In addition to the above problems, this meta-analysis does have several limitations. First, most of the included studies were retrospectively designed, which increased the risk of bias due to inadequate random blinding. Second, even though subgroup analyses were performed, there was an obvious heterogeneity in this meta-analysis, but at present, we have not yet found a clear cause for the heterogeneity. Third, the overall results may be overestimated because of negative data from unpublished studies. Fourth, restricted by insufficient number of literature and the original data, the reliability of the results may be shortened and we cannot draw receiver operating characteristic curves (ROC curves) to study the prognostic value of each marker, further. We can only expect more studies to be carried out so that we can update this meta-analysis. Finally, sensitivity analysis and funnel plots showed potential publication bias in some researches. After ignoring these researches, the distribution of OS in the remaining studies was more symmetrical. This bias may be due to differences in baseline characteristics and study regimen-related protocols among patients. Moreover, the differences in detection methods and data storage may have resulted in heterogeneity. Although the random effects model reduced the effect of heterogeneity, the heterogeneity between studies was not abolished. In view of the above limitations, it is recommended to prospectively recruit subjects in future studies. At the same time, researchers may consider combining multiple inflammatory markers to explore their common prognostic value and make the results more sensitive.

5. Conclusion

For patients with osteosarcoma, meta-analysis performed in this paper demonstrated that high great contents of NLR, CRP, and GPS before treatment may be a negative prognostic element, and ethnicity, histology, and metastasis all have an impact on its prognosis of patients with osteosarcoma; however, PLR and LMR might have nothing to do with it. In conclusion, the measurement of these inflammatory markers' levels can provide the basis for clinicians to judge the outcome of prognosis.

Acknowledgments

This work was supported by the Fundamental Research Funds for the Central Universities (grant number: DUT19RC(3)076), the National Natural Science Foundation of China (grant number: 81600370), and the China Postdoctoral Science Foundation (grant number: 2018M640270).

Contributor Information

Yanshuo Han, Email: yanshuohan@dlut.edu.cn.
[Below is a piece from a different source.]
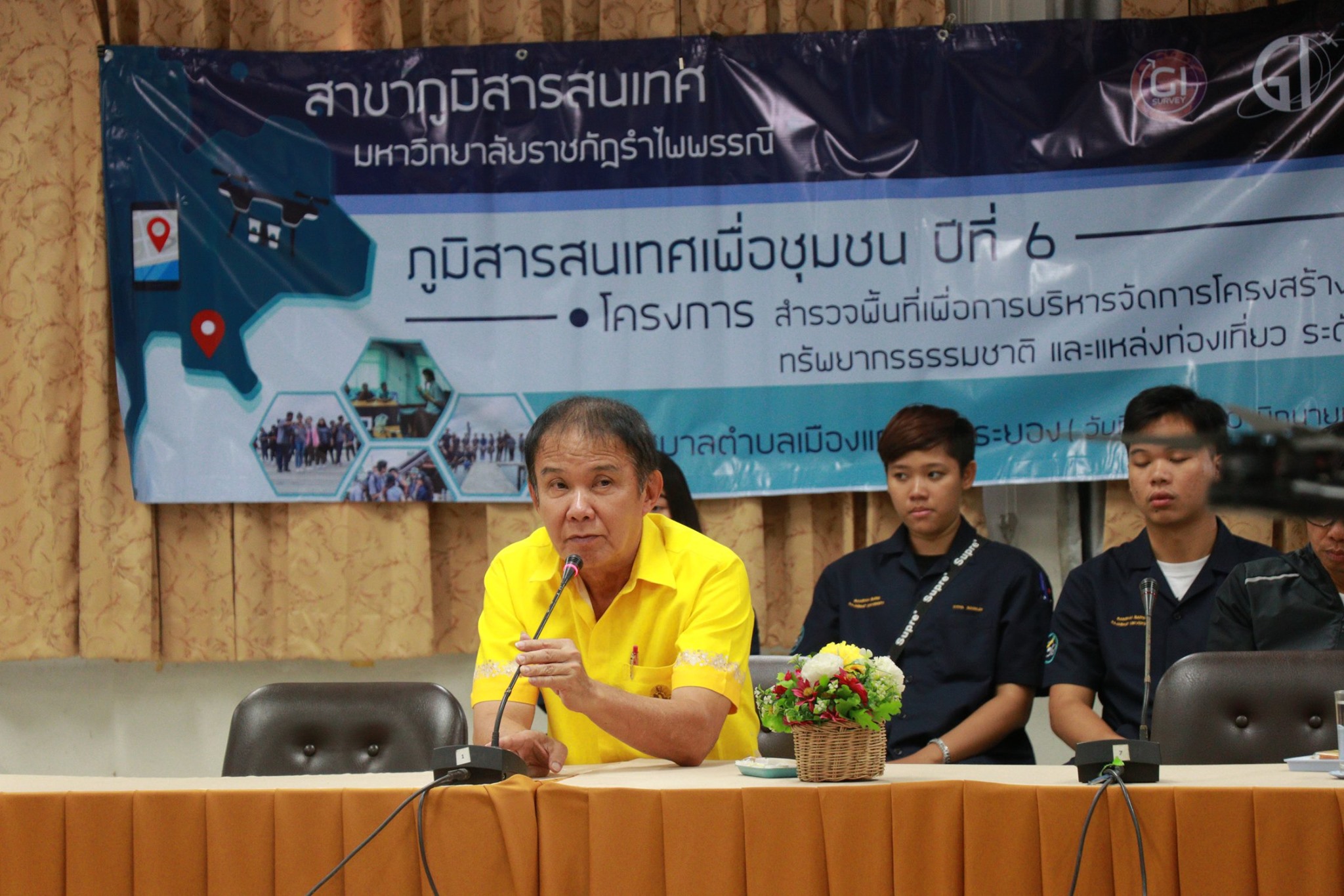 เมื่อวันที่ 19-20 มิ.ย. 62 ที่ผ่านมา สาขาภูมิสารสนเทศ คณะวิทยาการคอมพิวเตอร์และเทคโนโลยีสารสนเทศ ลงพื้น อ.แกลง จ.ระยอง เพื่อจัดโครงการบริการวิชาการ อบรมให้ความรู้เกี่ยวกับการเทคโนโลยีอากาศยนาไร้คนขับ (UAV) และ การทำแผนที่ท่องเทียว โดยได้รับความร่วมมือจากเทศบาลตำบลเมืองแกลง อนุเคราะห์สถานที่การจัดอบรม และมีนายสันติ ตังสวานิช นายกเทศมนตรีตำลเมืองแกลง เป็นประธานกล่าวเปิดการอบรม โดยการจัดโครงการบริการวิชาการนี้ เป็นการถ่ายทอดความรู้ด้านเทคโนโลยีสู่ชุมชน ซึ่งเป็นองค์ความรู้ที่คณะวิทยาการคอมพิวเตอร์และเทคโนโลยีสารสนเทศมีความเชี่ยวชาญ และได้จัดโครงการอย่างต่อเนื่อง

Zhaozhou Ren, Email: zhaozhou.ren@yahoo.com.

Data Availability

The datasets are available from the corresponding author on reasonable request.

Additional Points

Code Availability. Microsoft Excel 2010; Microsoft, Redmond, WA, USA. STATA meta. Ado module (version 15.1; College Station, TX, USA).

Conflicts of Interest

The authors declare that they have no conflicts of interest.

Authors' Contributions

Xiaotong Song and Hao Zhang wrote the manuscript; Yanshuo Han and Xiaotong Song conceived the manuscript; Xiaotong Song, Jinzhu Liu, and Yanshuo Han participated in data collection; all authors have read and approved the final manuscript. Xiaotong Song and Hao Zhang are co-first authors in this study and they contributed equally to this work.

Supplementary Materials

Supplementary File 1: search strategy for Medline database. Supplementary File 2: sensitivity analysis of the association of NLR, CRP, LMR, GRS, and PLR levels with the OS of patients with osteosarcoma. Supplementary File 3: Begg's funnel plot of the association of NLR, CRP, and GPS levels with the OS of patients with osteosarcoma.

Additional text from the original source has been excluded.